CHAPTER XXVIII.The Coming of the Mother.

"I don't give a whoop what they say—why should you mind? I can take a chance, if you can, Sweetheart. Come on: be a sport!"

"Aw, Dexie!"

"That's m'little girl. I knew you was game. Give us a sweet kiss now—come awn. Whass matter?"

"The wind's pulling my hat loose," said Daisy, "I'll take it off."

"That's th' idea," approved Mr. Coleman, reining his impatience.

They were descending a hill, at the bottom of which a slough crossed the trail. Fences to right and left forbade a detour.

"I guess we'll have to drive right through it," said Daisy.

"How about the hat?" demanded Mr. Coleman, who was now so close that his companion could barely move her elbow, "can't you get it off?"

"Oh," Daisy looked up innocently, "I forgot about the hat. All right—there, it's off."

She took off the hat and laid it in her lap. They had now reached the edge of the shallow slough in the valley-bottom, into which the livery horse waded, gingerly and slow.

"Maybe he wants a drink," said Daisy; "whoa, pettie! Thirsty?"

The horse halted and lowered his head to the water-level.

"Poor fellow!" Daisy commented, as he drank in great famished gulps, "don't you ever water him, Dex? Aw, quit! Aw-w—you're mean! There, now—see what you've done," and, as Coleman, red and hot-eyed, drew back from kissing her, Daisy pointed to her hat, afloat on the slough.

"That's nothin'," said Coleman, regarding the hat as it slowly floated away from the side of the buggy.

"Oh, no," said Daisy, with sarcasm, "it just means I've got to go home and get another hat, before we start on this trip you were speaking of. I won't go into Toddburn bareheaded—not even for you."

Coleman rose from his seat. "I'll sure get it for you, right now, Sweetness," he said, "if that's how you feel about it."

"Well, you'd better hurry, for it's sailing away," Daisy advised; "no, you can't reach it over the wheel. You'll have to stand out on the step."

Mr. Dexie Coleman, who believed in doing everything with grace and ease, scorned to grip the honest buggy-top for sensible support, as he poised himself on the iron step, like Hermes, tiptoe for flight, and extended an arm out over the water. He calculated, and rightly, that he could just reach the hat and keep his balance.

But he had not reckoned with a gathering forcebehind him; and perhaps there was no more surprised man in Toddburn than this cavalier of the sewing machine when, a second or two later, just as his fingers closed upon the hat, a strong push from rearward propelled him sprawlingly into the slough. The water was only three feet deep; but, as he fell horizontally, he went right under.

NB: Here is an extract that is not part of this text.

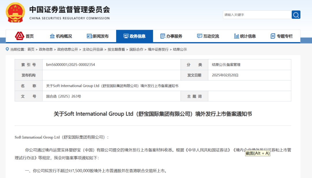 据中国证监会网站,2月20日,中国证监会发布关于舒宝国际集团有限公司(以下简称舒宝国际)境外发行上市备案通知书。
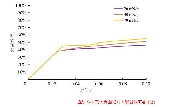 氣水界面張力對注氣解封過程及流體微觀分布具有較大影響。建立70 mN/m、40 mN/m和20 mN/m等3種不同的氣水界面張力的模型,分別代表潤濕反轉(zhuǎn)劑作用后的氣水界面張力變化情況,研究不同氣水界面張力條件下流體微觀分布演化特征和解封效率差異性(圖9)。從圖中可以看出,隨著氣水界面張力的降低,毛細(xì)管力減小,大幅降低注氣解封過程流體流動阻力,促進(jìn)了氣相優(yōu)勢通道的快速形成,說明氣水界面張力的降低有助于減小解封壓力,實(shí)現(xiàn)水封氣藏的快速解封;但同時(shí)氣水界面張力的降低,會導(dǎo)致氣體微觀波及效率降低,部分區(qū)域仍具有較高的含水飽和度,解封效率略微降低。因此,隨著潤濕反轉(zhuǎn)劑濃度的增加,潤濕反轉(zhuǎn)劑能夠降低氣水界面張力,對解封過程產(chǎn)生明顯的促進(jìn)作用,但解封效率會略微降低。

Mr. Coleman's astonishment at the turn events had taken was so intense that he, as one might say, reclined for a moment in the bottom of the slough, with the water roaring in his ears and choking in his throat, before he gathered his wits together sufficiently to grope to his feet. By the time he had regained a wet uprightness, sputtered the muddy water out of his mouth, and blinked his eyes till vision returned, he found that he was alone in the slough. Daisy had driven the horse out on the farther shore, and was just getting out of the buggy. Mr. Coleman, watching in a fascinated way, with too much water still in his windpipe to speak, saw his late companion loop up the horse's lines in the backhand ring, knotting them so they would not fall and tangle the animal; then give the beast a smart little slap on the flank that started it off at a brisk trot down the trail.

"Whoa, there!" Mr. Coleman found breath to exclaim, in a thin aqueous squeal, as he paddled splashingly and frantically toward land. Butthe horse, headed toward its evening meal of loft-dried hay and oats in the Toddburn livery stable, exchanged its trot for a canter, and kept on going.

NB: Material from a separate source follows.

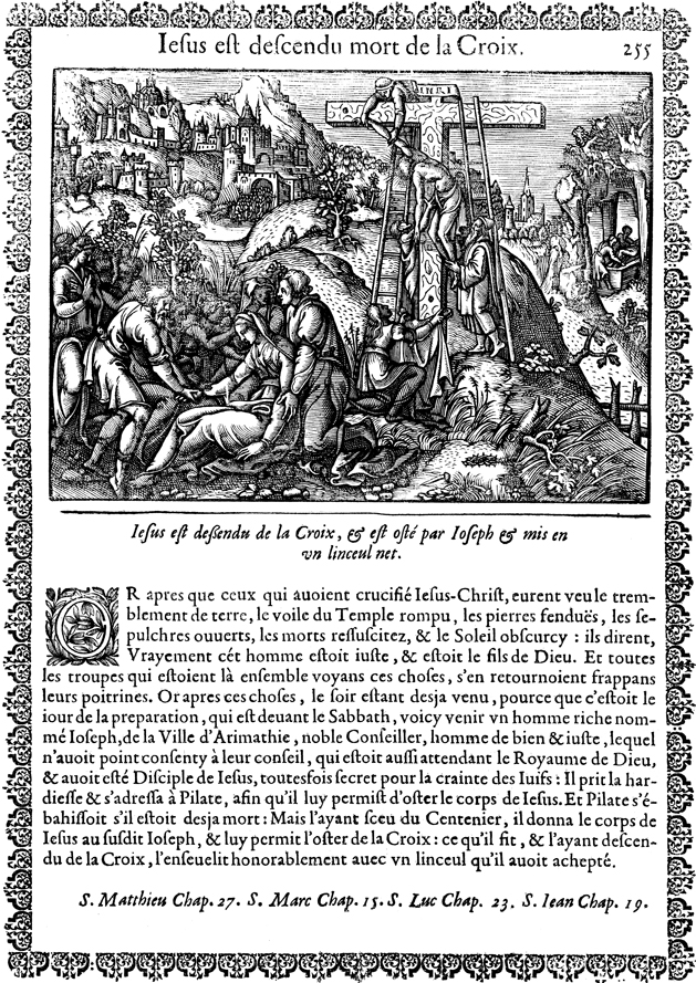 Description: Joseph of Arimethea has Jesus’ body removed from the cross for burial, as Jesus’ disciples comfort Jesus’ bereaved mother.

"You'll have to go some, to catch him," said Daisy, levelly and unsmiling; "he knows when he's well off." She kept her eyes steadily on Coleman, tightening her grip on the handle of the horsewhip which she had retained.

"Ha-agh!"

This is the nearest possible phonetic representation of the sound which came from the man's throat, as he jumped at her. But Daisy was alert and strong and full of fight. She stepped back and swung the horsewhip. The sharp impact of the lash plucked the skin from the centre of Coleman's right cheek. Returning "backhanded," the whip raised a weal along the left side of his face, extending from mouth to ear. Coleman stopped, straightened, and put his hand to his cheek, down which the blood was running.

"So you were going to hit me, were you?" flashed Daisy, breathless and sparkling. "You'resomeman!"

There is something salutary and restorative about the rod—that corrective instrument recommended by Solomon the Wise. Perhaps it is less the sting than the shame—although one must admit that both must go together, to produce the effect.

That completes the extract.